9. The responsibility for any witch prosecution rests primarily on the community or neighborhood as a whole, not on the judge or the jury.

10. No jury, whether in a witch trial or in any other case, can be more enlightened than the general run of the vicinage.

11. Many persons who have been executed for witchcraft have supposed themselves to be guilty and have actually been guilty in intent.

12. Practically every person executed for witchcraft believed in the reality of such a crime, whether he supposed himself to be guilty of it or not.

13. The witch beliefs of New England were brought over from the Mother Country by the first settlers.

14. Spectral evidence had been admitted in the examinations and trials of witches in England for a hundred years before the Salem prosecutions took place.

15. Trials, convictions, and executions for witchcraft occurred in England after they had come to an end in Massachusetts, and they occurred on the Continent a hundred years later than that time.

16. Spectral evidence was admitted in English witch trials after such trials had ceased in Massachusetts.
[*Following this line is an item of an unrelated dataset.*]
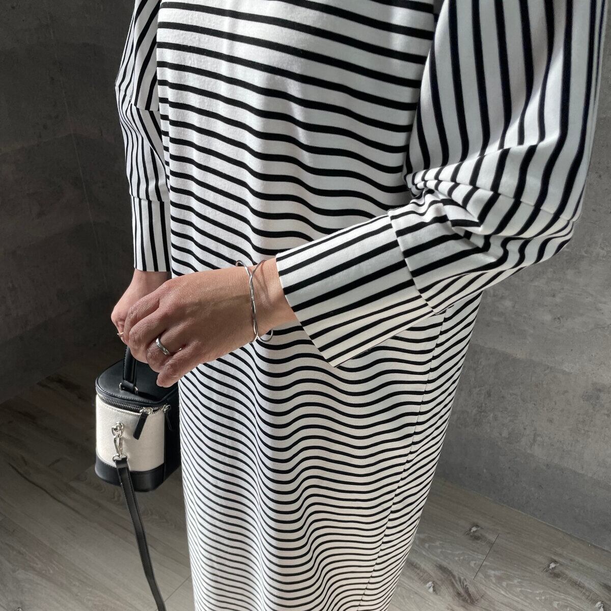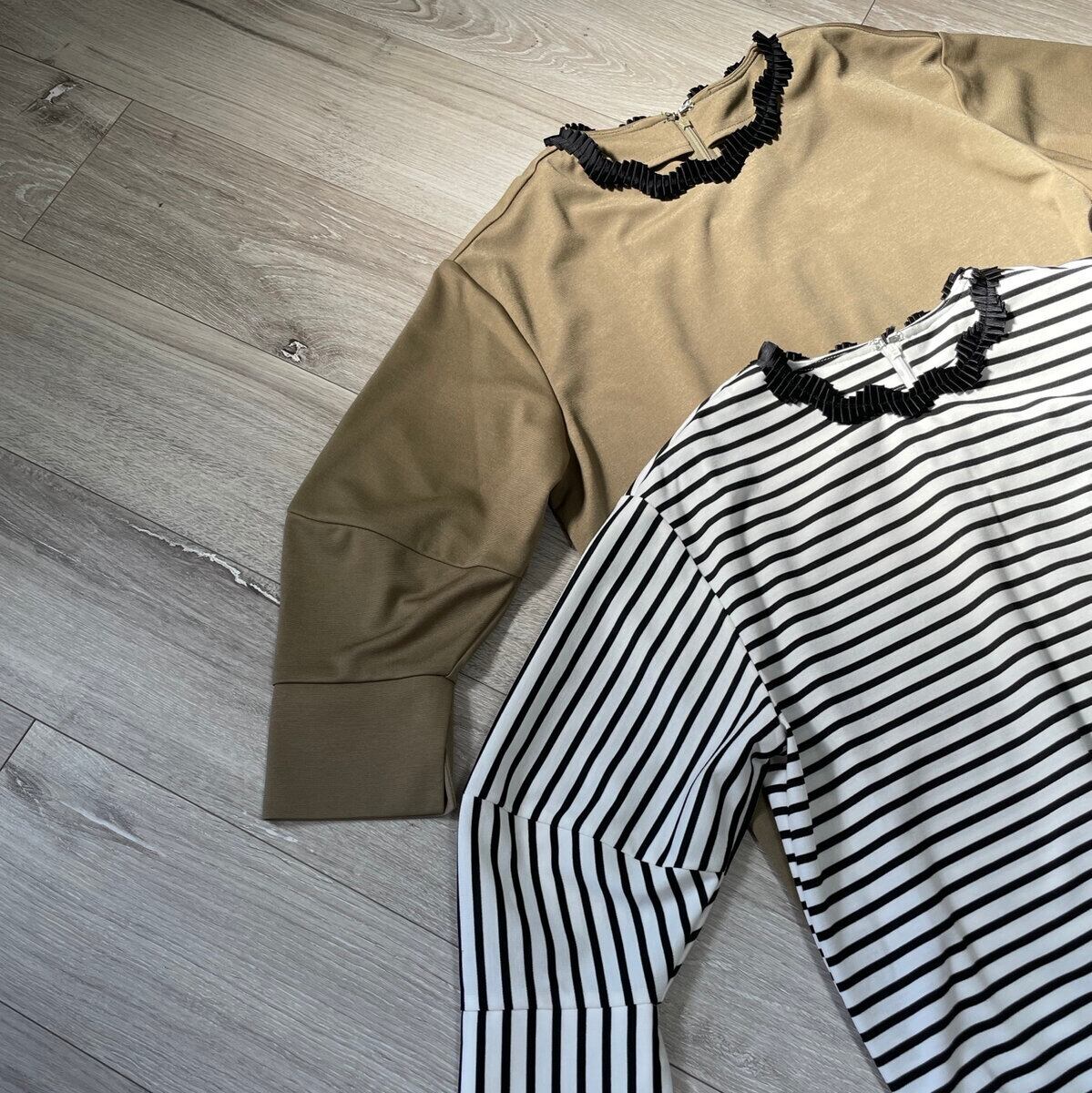 スリーブは3つの切り替えで立体的なフォルムに、ボーダーは袖のみストライプに♡

17. The total number of persons executed for witchcraft in New England from the first settlement to the end of the century is inconsiderable, especially in view of what was going on in Europe.

18. The public repentance and recantation of judge and jury in Massachusetts have no parallel in the history of witchcraft.

19. The repentance and recantation came at a time which made them singularly effective arguments in the hands of the opponents of the witch dogma in England.

20. The record of New England in the matter of witchcraft is highly creditable, when considered as a whole and from the comparative point of view.

21. It is easy to be wise after the fact, especially when the fact is two hundred years old.